A debt consolidation loan combines all your high-interest debt into one personal loan, giving you a lump sum to pay off credit cards, medical bills and other debt. By consolidating multiple payments into one fixed monthly payment, your debts will be easier to manage and you can simplify your repayment plan. You may even be able to access a lower interest rate.

We’ve evaluated major debt consolidation loan providers and highlighted the best options below. We’ll update this list regularly as terms change and new loan products are released. Note that all of the starting annual percentage rates, or APRs, that are listed are based on a high credit score of 800 or above. 
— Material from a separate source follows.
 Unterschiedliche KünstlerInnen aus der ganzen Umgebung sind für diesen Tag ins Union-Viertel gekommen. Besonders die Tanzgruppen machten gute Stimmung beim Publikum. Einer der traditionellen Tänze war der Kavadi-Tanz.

Best debt consolidation lenders, compared

LightStream Rocket Loans SoFi Happy Money Upstart
Best for Excellent credit Fast funding No fees Consolidating credit card debt Limited credit
APR 4.98% to 20.49% 5.97% to 29.99% 5.74% to 21.28% 5.99% to 24.99% 5.22% to 35.99%
Loan amount $5,000 to $100,000 $2,000 to $45,000 $5,000 to $100,000 $5,000 to $40,000 $1,000 to $5,000
Term lengths 24 to 84 months 36 and 60 month term 36 to 84 months 24 to 60 months 36 and 60 month terms
Time to receive funds As early as same day As early as same day 1 business day after accepting loan 2 to 5 business days 1 business day after accepting loan
Prequalification No Yes Yes Yes Yes
Origination Fee No 1% to 6% No 0% to 5% 0% to 8%
Co-signer option No, only joint applicants No Yes No No
Debt consolidation for student loans No No Yes No No

FAQs

Will a debt consolidation loan save me money?
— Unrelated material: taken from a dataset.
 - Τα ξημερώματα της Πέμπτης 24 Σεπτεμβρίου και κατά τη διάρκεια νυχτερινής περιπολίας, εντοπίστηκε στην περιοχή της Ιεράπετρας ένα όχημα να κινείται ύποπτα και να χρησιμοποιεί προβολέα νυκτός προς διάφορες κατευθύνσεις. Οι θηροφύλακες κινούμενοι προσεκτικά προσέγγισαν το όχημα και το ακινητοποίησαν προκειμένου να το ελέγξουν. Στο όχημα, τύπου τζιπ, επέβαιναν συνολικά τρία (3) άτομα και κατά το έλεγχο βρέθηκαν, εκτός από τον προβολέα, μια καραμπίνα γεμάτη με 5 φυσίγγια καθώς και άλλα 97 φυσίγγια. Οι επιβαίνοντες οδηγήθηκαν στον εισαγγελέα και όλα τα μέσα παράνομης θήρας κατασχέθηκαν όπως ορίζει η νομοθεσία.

A debt consolidation loan may save you money. You may pay less interest if you are approved for a lower rate than your existing debt. For example, if you have $2,500 in total debt with a combined APR of 20% and a combined monthly payment of $125, you’ll pay $566 in interest over about two years. But if you were to take out a debt consolidation loan with an 11% APR and a two-year repayment term, the new monthly payment would be $116.50, and you would save $329 in interest.

Keep in mind that access to lower rates is heavily dependent upon a high credit score. 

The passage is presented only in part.